Fueron tan irresponsables, que como lugar de reunión no escogieron un auditorio, un patio, una cancha deportiva, sino los estrechos pasillos del cuarto piso del edificio. Allí estaban los jóvenes convocados, que con seguridad asistieron para evitar represalias o ‘sanciones’ de esos semidioses llamados dirigentes, con licencia para castigar a discreción.

El rector de la UPEA, Carlos Condori, se lava las manos y dice que no sabía nada de la reunión y que de haberlo sabido tampoco hubiera podido hacer nada porque él ‘no puede interferir’ en las actividades que programan los estudiantes por aquello del cogobierno docente-estudiantil, una nefasta práctica de las izquierdas heredada de la posrevolución de 1952, que consiste en que los universitarios tienen igual o en ocasiones mayor poder que las autoridades y docentes para tomar decisiones.

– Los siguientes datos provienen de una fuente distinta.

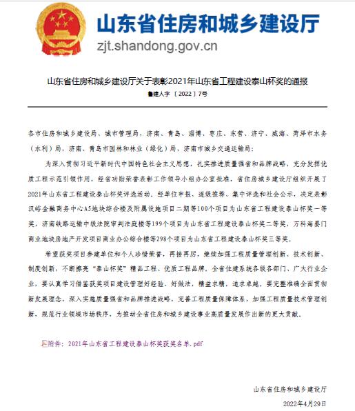 8xbet体育两项工程荣获2021年度“山东省工程建设泰山杯奖”
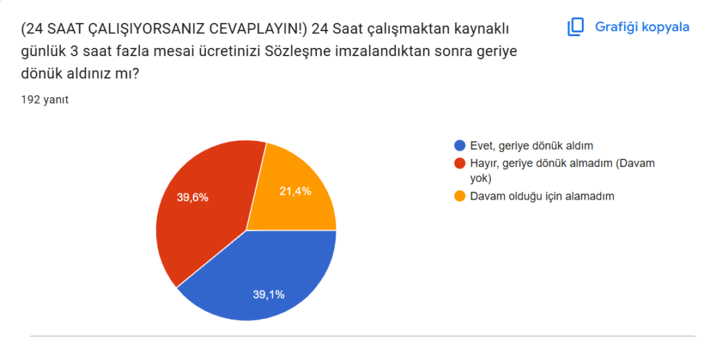 • 24 saat çalışanların %39,1’i  sözleşme imzalandıktan sonra geriye dönük fazla mesai ücretlerini aldığını belirtmiştir.
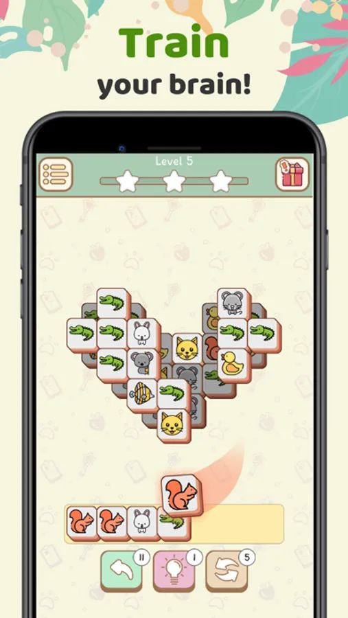 1. Choose three same blocks of identical pet pictures! Match triple tiles to put them into the stack. Three similar tiles will be matched and removed from your tile stack.
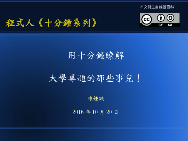 用十分鐘瞭解 大學專題的那些事兒! 陳鍾誠 2016 年 10 月 20 日 程式人《十分鐘系列》
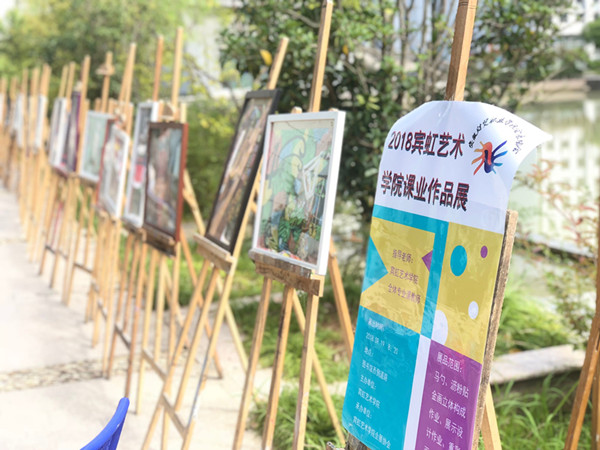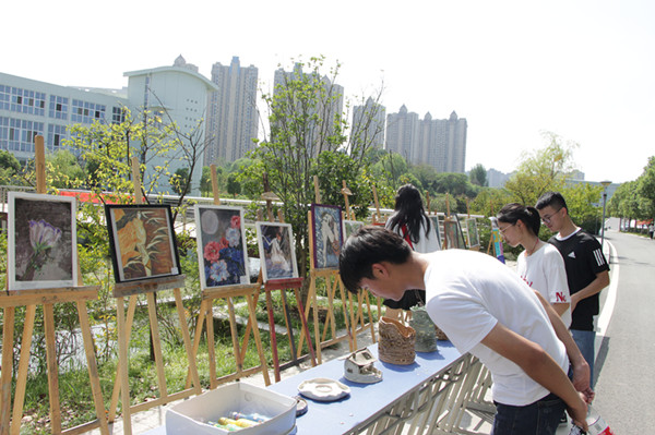 9月19日,宾虹艺术学院主办的“艺术风”2015—2017级学生艺术作品展在图书馆西侧道路旁拉开帷幕,此次展出的作品有绘画、陶瓷、马勺、手工艺术品、模型等,分为马勺手工艺品展示区、立体构成手工艺术品展区、扎染刺绣展示区、建筑模型展示区,画作展示区等五大展区。
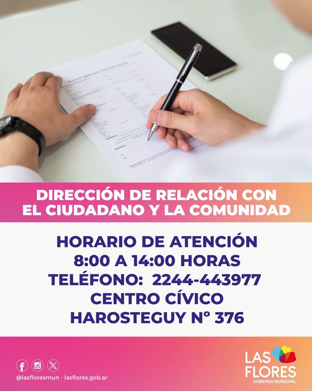 Se recuerda que la oficina está ubicada en el Centro Cívico, calle Harosteguy 376 entre Av. San Martin y Av. Carmen.
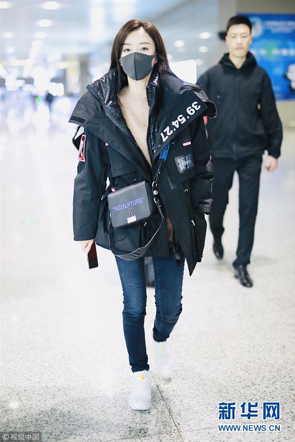 秦嵐潮味棉服亮相機(jī)場(chǎng) 口罩遮面露甜笑
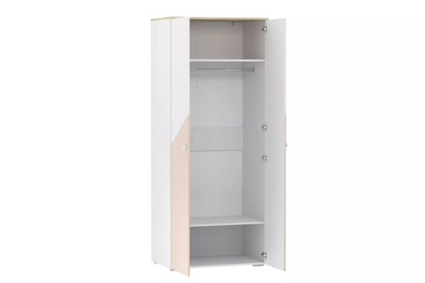 Двухстворчатый шкаф Банни поможет организовать хранение вещей в детской. Внутри модуля предусмотрены овальная штанга для одежды на вешалках. Широкие антресольная и нижняя полки подойдут для размещения коробок и аксессуаров. Классические глухие фасады надежно защитят содержимое шкафа от влаги и пыли. Скругленные ручки-кнопки не имеют острых граней.
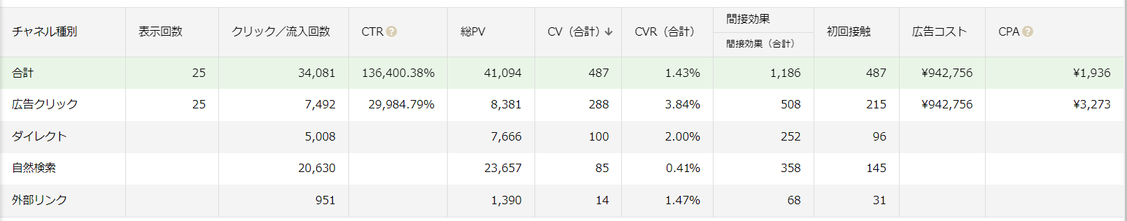 広告経由だけでなく、自然検索や外部リンク経由といった全ての流入経路の成果を一画面で把握することができます。各種計測データは最短30分で管理画面へ反映されるため、リアルタイムに近しいデータ分析が可能です。
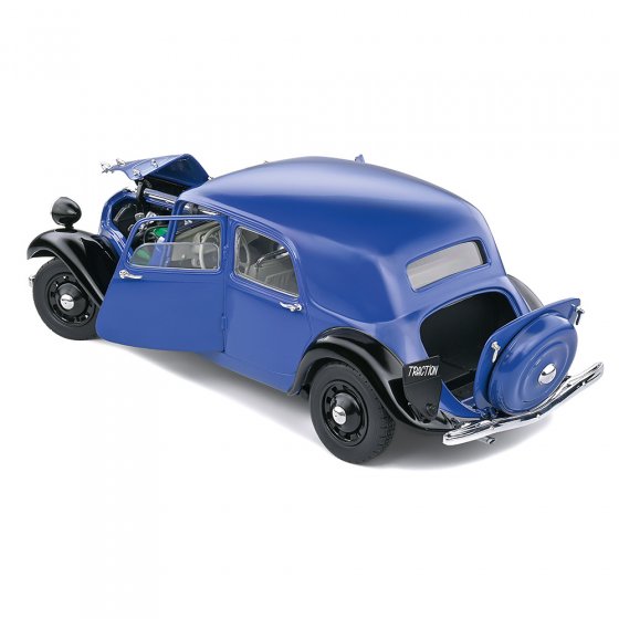 Zo nieuw, zo gedurfd, zo anders dan alles wat we eerder gezien hebben... de pers was lovend over de presentatie van de Traction (voorwielaandrijving) in 1934. En terecht, want het was een technische revolutie. André Citroën durfde het aan om de achterwielaandrijving los te laten en de hele motor en versnellingsbak op de voorwielen te laten rusten. Deze gedetailleerde replica van de beruchte 'gangsterlimousine' van gegoten zink op een schaal van 1:18 van de CITROЁN TRACTION heeft een bestuurbare vooras, en voordeuren, een kofferbak en een motorkap die open kunnen. Lengte: ca. 26 cm. Een tweekleurig juweeltje, niet alleen perfect voor verzamelaars en liefhebbers van legendarische auto's.
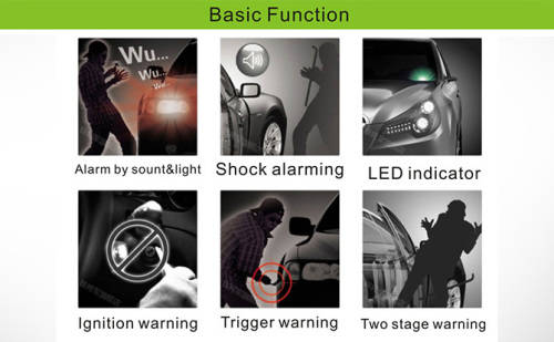 • Alarm alert by ultrasonic sensor, shock sensor
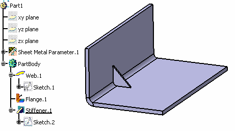 - a Part Design feature can also be created after Aerospace Sheet
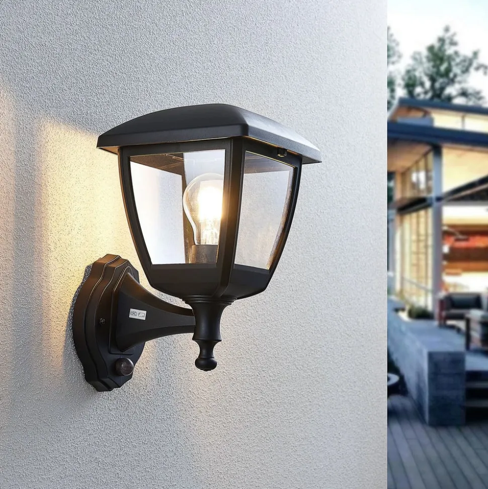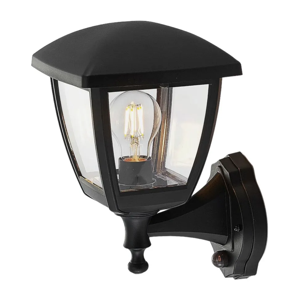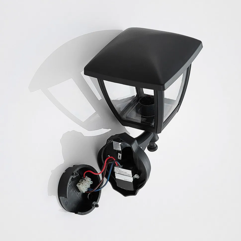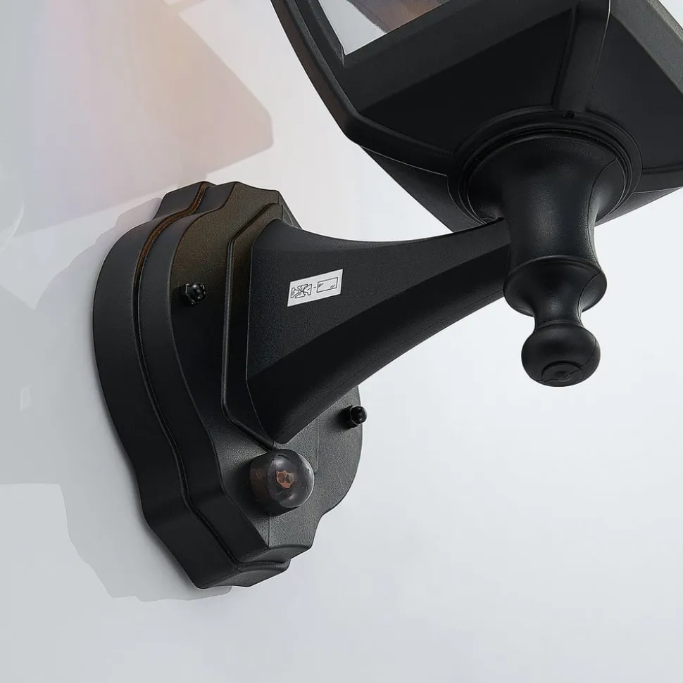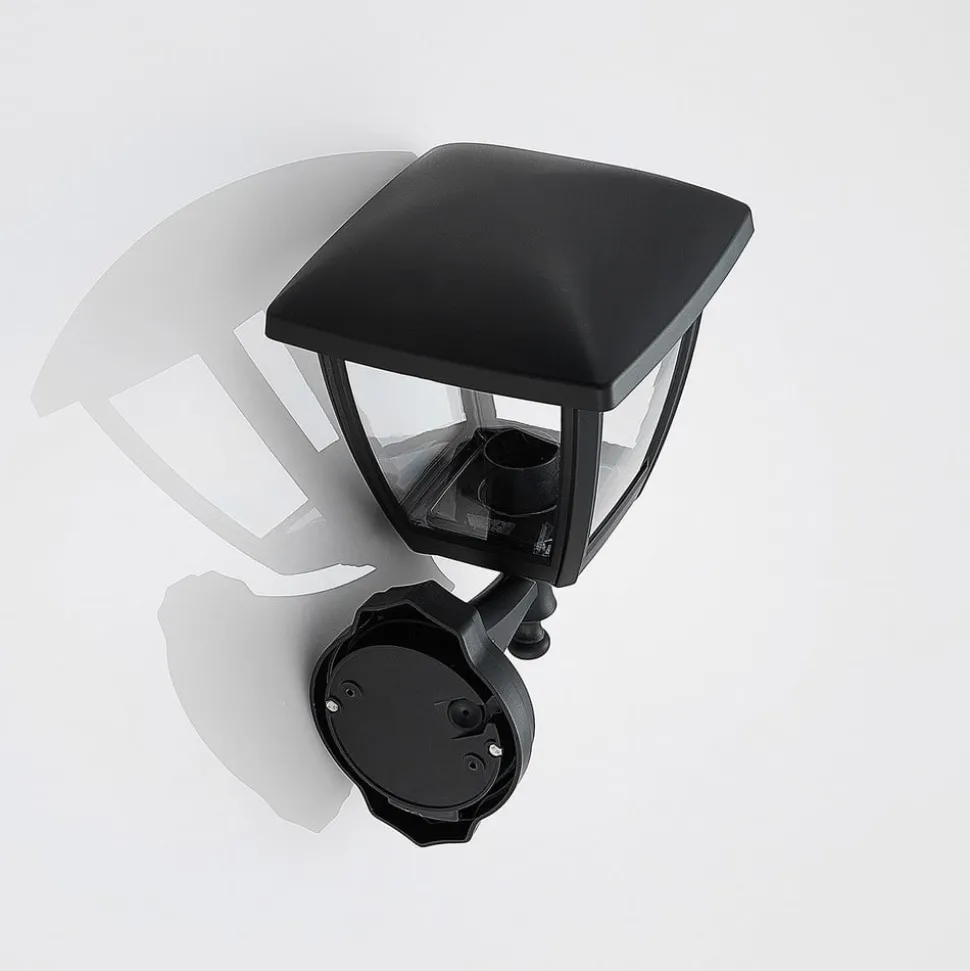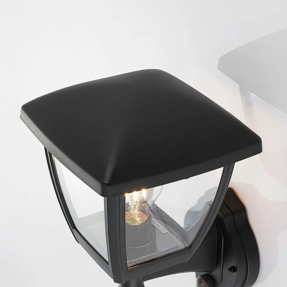 Svart utendørs vegglampe Acelya med gjennomsiktig plastplater og lyktlignende design
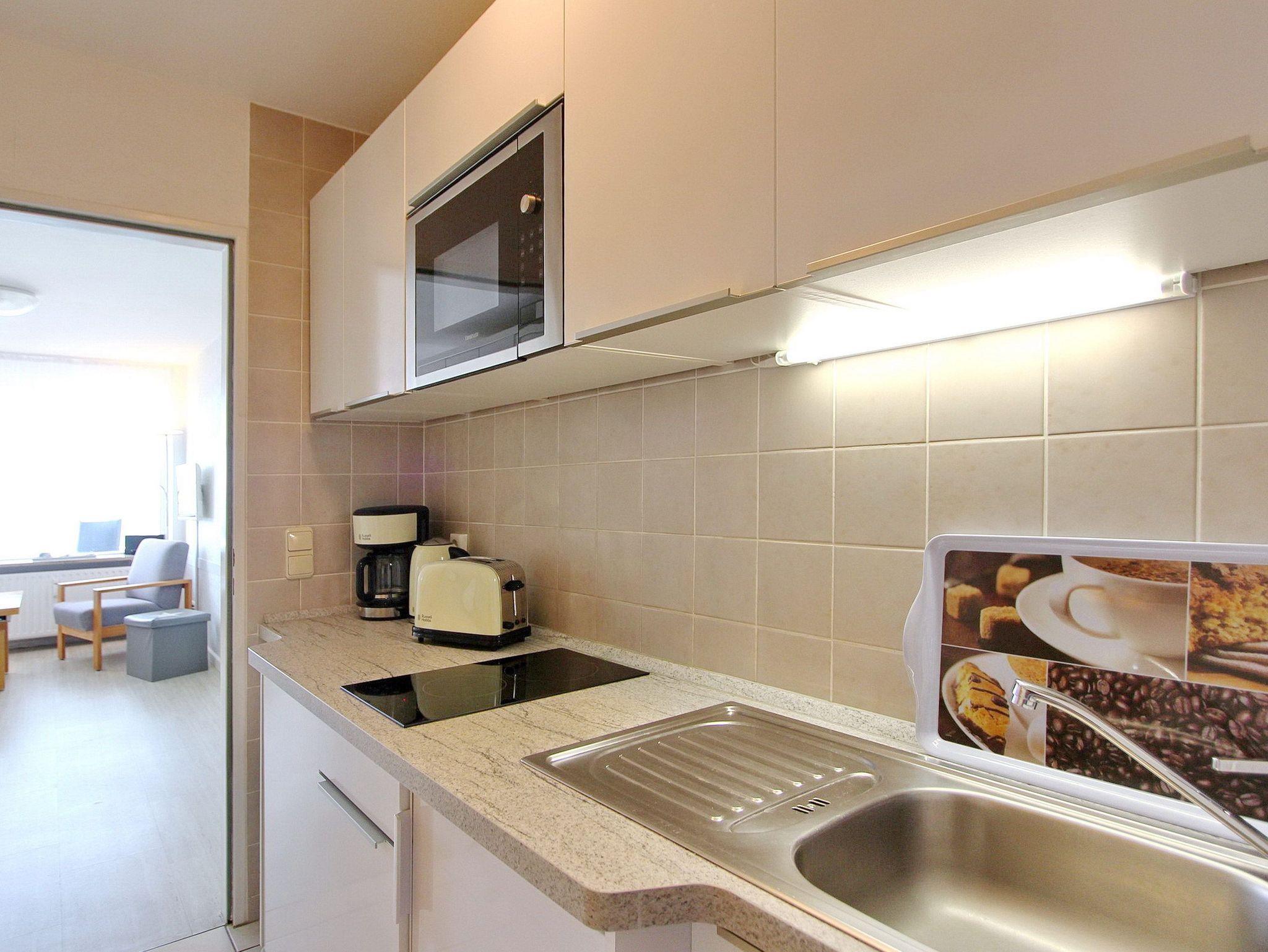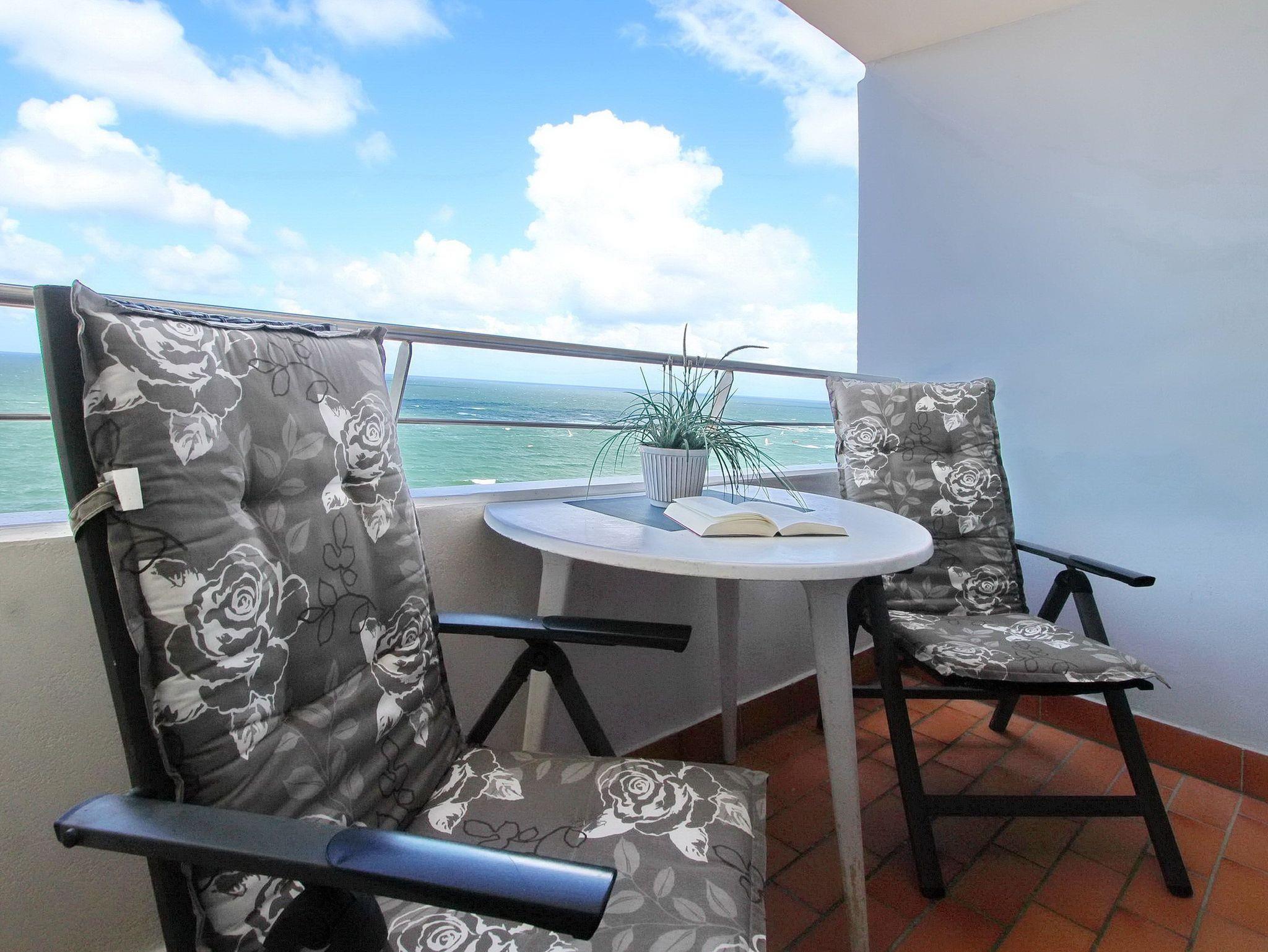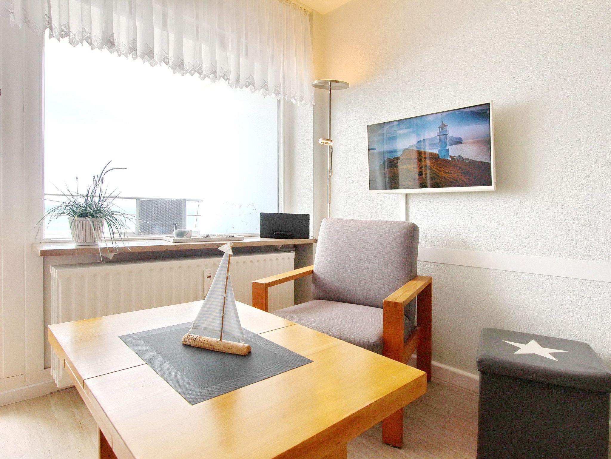 Kleine, aber mit viel Liebe zum Detail eingerichtete Einzimmerwohnung in der 9. Etage im Haus Metropol mit wunderschönem Strand- und Nordseeblick. Der kombinierte Wohn-/Schlafraum mit vorgelagertem Westbalkon ist eingerichtet mit Einzelschrankbetten, Designfussboden, 2 Sitzercouch mit Wohn-Esstisch und Fernsehsessel. Auf dem Balkon gibt es zwei Hochlehnerstühle mit Auflagen und einen Tisch. Das Badezimmer hat eine Dusche mit festem Haltegriff und Hocker. In der Einbauküche mit Mikrowelle, Ceranfeld (2 Platten) und Geschirrspüler können sie sich selbst verpflegen. Zur technischen Ausstattung gehört: ein Smart- TV mit integriertem Radio und eine Bluetoothanlage mit CD Player. Ein freies WLAN Netzwerk (WEG Haus Metropol - Passwortfrei - ohne Gewähr) steht ihnen kostenfrei zur Verfügung. Diese Nichtraucherwohnung hat eine Größe von ca. 25 m².

Las universidades suelen lucir la ‘conquista’ del cogobierno paritario como única en el mundo, y seguramente a la par de esa ‘condición revolucionaria’ se explica en gran parte el drama del sistema universitario público boliviano sumido en el desprestigio y la mediocre formación de profesionales, donde los pocos conscientes deben esquivar a cada paso los tentáculos de la politización de los claustros.

Que vayan esos dirigentes y les expliquen ahora a los incrédulos padres de familia ahora enlutados por qué murieron sus hijos, esos siete jóvenes de origen humilde que lo único que buscaban era una profesión para no ser tan pobres como sus padres, y que para no entorpecer el camino de su formación aceptaron someterse al autoritarismo de la política universitaria.

Que justifiquen si su política mezquina, angurrienta de poder, era más importante que la vida y el futuro de aquellos muchachos y si eso alcanza para justificar el dolor que esos atribulados padres cargarán por el resto de sus vidas.

Y quizá el conjunto de la sociedad misma debiera interpelarse si en parte no es responsable de que ocurran estas cosas por permitirse tener un sistema de universidades que funcionan como repúblicas independientes detrás de los muros o en el interior de los campus.

Después vendrá la investigación sobre la construcción misma de esas barandas inseguras, hechas muy probablemente ‘a la boliviana’, abaratando costo, sacando provecho de la viveza criolla y el hábito de hacer las cosas ‘así nomás’.